For developers making sure your code is on GitHub is likely enough, though answering questions on Stack Overflow should also be a big help. There has never been a better time to write that package or library, because if it gets widely used, it will create a feedback loop where more and more people will get it in autocomplete via CoPilot and ChatGPT. Perhaps we’ll also see libraries and products developed that are optimized for AI, for example using syntax that makes autocomplete easier. I’ve already found that for example CoPilot struggles with React’s nested components.

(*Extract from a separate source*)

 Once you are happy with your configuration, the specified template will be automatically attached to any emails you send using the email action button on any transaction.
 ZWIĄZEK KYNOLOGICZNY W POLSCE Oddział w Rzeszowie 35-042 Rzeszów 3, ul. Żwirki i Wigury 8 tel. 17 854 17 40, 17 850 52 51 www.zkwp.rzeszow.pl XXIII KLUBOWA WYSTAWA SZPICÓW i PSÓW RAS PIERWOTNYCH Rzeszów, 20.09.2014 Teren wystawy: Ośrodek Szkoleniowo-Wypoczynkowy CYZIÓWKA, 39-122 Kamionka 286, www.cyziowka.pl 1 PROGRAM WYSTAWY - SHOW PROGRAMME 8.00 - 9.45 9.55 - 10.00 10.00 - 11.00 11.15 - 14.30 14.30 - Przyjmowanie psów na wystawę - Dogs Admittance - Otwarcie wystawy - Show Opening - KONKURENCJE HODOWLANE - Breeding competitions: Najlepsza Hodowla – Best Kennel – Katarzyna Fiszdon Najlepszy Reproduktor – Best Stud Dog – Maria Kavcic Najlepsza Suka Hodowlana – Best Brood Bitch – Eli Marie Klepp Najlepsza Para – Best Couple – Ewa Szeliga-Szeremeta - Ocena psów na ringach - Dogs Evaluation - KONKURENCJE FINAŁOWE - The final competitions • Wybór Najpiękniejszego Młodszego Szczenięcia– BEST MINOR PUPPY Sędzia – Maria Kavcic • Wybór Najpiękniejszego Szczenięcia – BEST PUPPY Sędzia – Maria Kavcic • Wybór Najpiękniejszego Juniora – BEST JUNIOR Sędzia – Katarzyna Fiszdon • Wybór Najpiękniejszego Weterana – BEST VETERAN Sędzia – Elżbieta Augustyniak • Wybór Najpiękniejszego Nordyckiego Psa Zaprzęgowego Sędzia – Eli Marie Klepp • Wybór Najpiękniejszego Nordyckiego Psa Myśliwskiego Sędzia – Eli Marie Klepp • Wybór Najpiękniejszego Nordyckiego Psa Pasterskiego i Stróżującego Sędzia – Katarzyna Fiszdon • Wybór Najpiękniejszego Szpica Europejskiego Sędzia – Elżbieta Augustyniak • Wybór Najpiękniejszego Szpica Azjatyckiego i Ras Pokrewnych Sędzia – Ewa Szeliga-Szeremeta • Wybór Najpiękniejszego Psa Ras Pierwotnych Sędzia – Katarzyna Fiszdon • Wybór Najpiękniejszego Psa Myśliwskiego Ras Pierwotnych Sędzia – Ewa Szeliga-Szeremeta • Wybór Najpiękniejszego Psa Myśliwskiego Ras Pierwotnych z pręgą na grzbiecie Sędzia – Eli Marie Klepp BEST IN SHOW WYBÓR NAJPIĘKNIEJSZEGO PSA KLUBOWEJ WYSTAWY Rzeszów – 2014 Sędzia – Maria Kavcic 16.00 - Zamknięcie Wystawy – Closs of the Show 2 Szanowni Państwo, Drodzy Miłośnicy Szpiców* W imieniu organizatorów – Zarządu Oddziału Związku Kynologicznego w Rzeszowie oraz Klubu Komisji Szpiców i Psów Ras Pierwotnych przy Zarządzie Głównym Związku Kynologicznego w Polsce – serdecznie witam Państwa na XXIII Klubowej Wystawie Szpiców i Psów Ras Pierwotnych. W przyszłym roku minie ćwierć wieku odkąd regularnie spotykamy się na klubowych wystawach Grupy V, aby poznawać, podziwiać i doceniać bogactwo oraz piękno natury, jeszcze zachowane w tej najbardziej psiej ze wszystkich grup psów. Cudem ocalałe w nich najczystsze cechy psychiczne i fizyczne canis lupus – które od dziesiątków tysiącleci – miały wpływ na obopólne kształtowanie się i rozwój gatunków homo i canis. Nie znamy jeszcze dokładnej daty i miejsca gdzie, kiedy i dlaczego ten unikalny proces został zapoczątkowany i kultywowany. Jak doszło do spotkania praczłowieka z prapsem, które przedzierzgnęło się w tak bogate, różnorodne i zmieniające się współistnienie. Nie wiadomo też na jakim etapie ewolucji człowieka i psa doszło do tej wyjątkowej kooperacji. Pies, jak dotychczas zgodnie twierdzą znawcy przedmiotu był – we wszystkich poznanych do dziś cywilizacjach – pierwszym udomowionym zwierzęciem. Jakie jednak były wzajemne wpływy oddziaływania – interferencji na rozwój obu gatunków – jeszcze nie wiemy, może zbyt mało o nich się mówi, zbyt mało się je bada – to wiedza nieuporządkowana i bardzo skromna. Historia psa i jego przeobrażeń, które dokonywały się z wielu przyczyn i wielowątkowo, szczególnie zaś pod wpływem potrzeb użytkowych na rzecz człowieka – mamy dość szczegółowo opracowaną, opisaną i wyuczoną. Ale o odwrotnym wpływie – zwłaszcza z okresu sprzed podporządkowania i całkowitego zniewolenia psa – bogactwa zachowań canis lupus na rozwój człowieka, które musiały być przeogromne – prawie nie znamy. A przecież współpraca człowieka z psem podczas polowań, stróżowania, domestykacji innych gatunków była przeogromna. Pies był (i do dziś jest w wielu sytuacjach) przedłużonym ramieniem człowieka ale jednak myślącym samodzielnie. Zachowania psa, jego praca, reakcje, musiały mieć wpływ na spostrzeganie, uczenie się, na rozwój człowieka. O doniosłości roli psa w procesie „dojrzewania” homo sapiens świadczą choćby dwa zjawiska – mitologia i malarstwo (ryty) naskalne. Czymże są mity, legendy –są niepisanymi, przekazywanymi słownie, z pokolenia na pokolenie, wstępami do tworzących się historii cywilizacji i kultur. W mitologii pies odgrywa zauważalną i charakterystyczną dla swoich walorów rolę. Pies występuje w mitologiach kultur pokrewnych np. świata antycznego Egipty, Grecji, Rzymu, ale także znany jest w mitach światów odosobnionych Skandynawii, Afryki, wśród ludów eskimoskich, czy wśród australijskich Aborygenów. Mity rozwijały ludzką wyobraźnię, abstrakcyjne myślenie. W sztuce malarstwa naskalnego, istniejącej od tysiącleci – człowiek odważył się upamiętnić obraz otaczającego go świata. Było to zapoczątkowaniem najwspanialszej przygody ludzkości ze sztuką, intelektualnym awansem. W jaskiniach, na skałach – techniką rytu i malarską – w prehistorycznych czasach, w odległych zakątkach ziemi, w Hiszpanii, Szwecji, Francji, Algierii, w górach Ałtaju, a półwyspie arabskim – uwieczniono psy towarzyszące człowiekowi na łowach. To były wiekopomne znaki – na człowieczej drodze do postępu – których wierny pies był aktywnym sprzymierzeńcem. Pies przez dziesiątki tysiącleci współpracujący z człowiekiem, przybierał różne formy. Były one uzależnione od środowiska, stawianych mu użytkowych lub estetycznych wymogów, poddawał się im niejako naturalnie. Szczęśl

For artists that actually want to appear in open-source datasets, rather than sue the AI companies, having your work available in the public domain, and featured on websites such as ArtStation, is a good way to get noticed: “trending on Artstation” is a common way to enhance the quality of your generated image. There are also stock photo sites like Unsplash: particularly if it's open source, it's likely to be featured. The communities for AI Art are highly mimetic – everyone copies what everyone else is doing – so seeding each Discord and Reddit group with a few stunning examples of your work, replicated or enhanced by AI, can help spread the word, and check you made it into the index on Lexica Art.
One non-obvious place to insert yourself is in the prompts you use when working with AI. It’s widely expected that the words we input to tools like ChatGPT and DALL-E will be recorded and used to fine-tune the model. They even have a thumbs up / thumbs down button on the side to get feedback on whether the generation met expectations. It may be the case that simply using your own brand name and correcting the AI might be enough to make it into the next version.